Saturday, 4 October 2014

Introducing The Rugby Football League To The Existence Of Fans With Disabilities..........

This time next week I will be on my way to Manchester for the Super League Grand Final at Old Trafford. It’s Saints v Wigan. One of the great rivalries. Up there with Liverpool v United, Benn v Eubank and Ken Barlow v Mike Baldwin. The fact that the Super League title is on the line makes it all the more unmissable.

On Thursday night Saints took their place in the Grand Final with a 30-12 win over Catalan Dragons. Tickets for the Grand Final went on sale the following day to season ticket holders only. The Saints website proclaimed that season ticket holders would have all of Friday and Saturday to secure their tickets before they were to go on general sale on Sunday. Only right and proper. You’ve followed the team throughout the season and forked out a fortune for the privilege so you should have first dibs on the Grand Final seats. Only this does not apply if you happen to be a wheelchair user.

I am a season ticket holder, and have been since the club moved to Langtree Park at the start of the 2012 season. I’ve had to watch Josh Perry in driving rain and sub-zero temperatures. Yet when I rang the club to book my tickets I was informed that the RFL (Rugby Football League) had not sent the club any tickets for wheelchair accessible seating in the West Stand, where the majority of Saints fans will be housed on the night. All they had was ticketing in the East Stand among what would later that day be confirmed as the Wigan end after they edged out Warrington to take their place. They advised me to ring the RFL ticketing hotline to see if they could help.

They could not. They advised me that there was no wheelchair accessible seating in the West Stand available. But I’m a season ticket holder, I said. Where is my right to secure my place during all of Friday and Saturday along with the rest of the season ticket holders? I was told basically that I have no such right, that they are there to sell tickets to any old bugger who phones up to ask for them, and that they have been selling them all year. Having no choice at this point I managed to get tickets in what the RFL claim is a ‘neutral’ area which they tried to sweeten up by describing as the ‘ability suite’. This means that me and my friends won’t have to queue for our drinks but oh, by the way, you can’t drink inside a football stadium anyway. Anyone who has ever had the misfortune to spend 80 minutes with me while Saints are playing Wigan in a game of this magnitude will know anyway that even if you could, my nerves will be far too shredded to even contemplate the idea of leaving my seat to buy a drink. All that will be done in the bars around Manchester before and afterwards.

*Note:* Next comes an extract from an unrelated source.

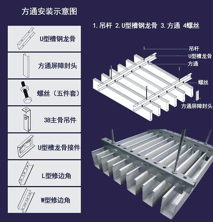 (1)購(gòu)買(mǎi)的鋁方通和與之配套的構(gòu)架、配件應(yīng)符合產(chǎn)品質(zhì)量要求,不得有彎曲變形。
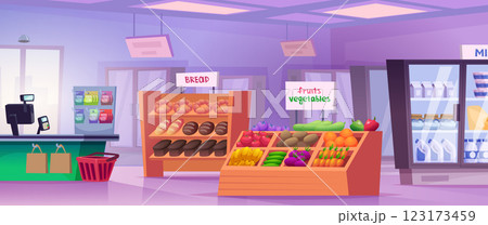 Grocery mall. Interior set of different grocery products in shopping mall exact vector cartoon background

I emailed both the RFL and St Helens RFC to suggest to them that they might not be treating wheelchair users fairly. And that if it is not possible for a season ticket holder of one of the participating clubs to book tickets among his fellow supporters on the very day they become available to season ticket holders only, then Old Trafford is an unsuitable venue for the event. I don’t have the statistics to hand but it all suggests to me that Old Trafford is palpably failing to meet the minimum requirement of wheelchair accessible seating available which is now law in English football stadia. If I had been trying to book late having ignored the advice published on the Saints website then I would understand their position. But I didn’t. I did exactly as I was advised and was blatantly treated differently and unfairly. The RFL tried to hide behind the idea that the Grand Final is for all Super League fans and that they want an ‘eclectic mix’ of fans to generate the atmosphere. But surely the participating clubs should be given the opportunity to meet their fans’ ticketing needs before the rest of the rugby league supporting community get their hands on them? All of which reminds me of an exchange in The Simpsons featuring Lisa Simpson and her dance teacher when Lisa is overlooked for a part in the production;

Teacher; I'm sorry, Lisa, but giving everyone an equal part when they're clearly not equal is called what, again, class?

Class: Communism!

Beautifully, the RFL advisor who I spoke with and who took part in the subsequent email exchange is called Chris Burns. Stop chortling and saying ‘Smithers…..’ at the back. Mr Burns has advised me to write to Mr Ralph Rimmer who, aswell as being on something pompously called the Executive Board of the RFL has a beard of many colours. Perhaps he is trying to promote an eclectic mix of beard colours to appease all rugby league fans.

I will write to Mr Rimmer with absolutely no hope of getting anything done differently in the future. They will pay me lip service, perhaps follow Merseytravel’s lead and send me a £1 voucher to be spent on something only they offer, and then go back to their firm conviction that seating arrangements and the fan experience as a whole are only important when applied to people who can walk into a stadium.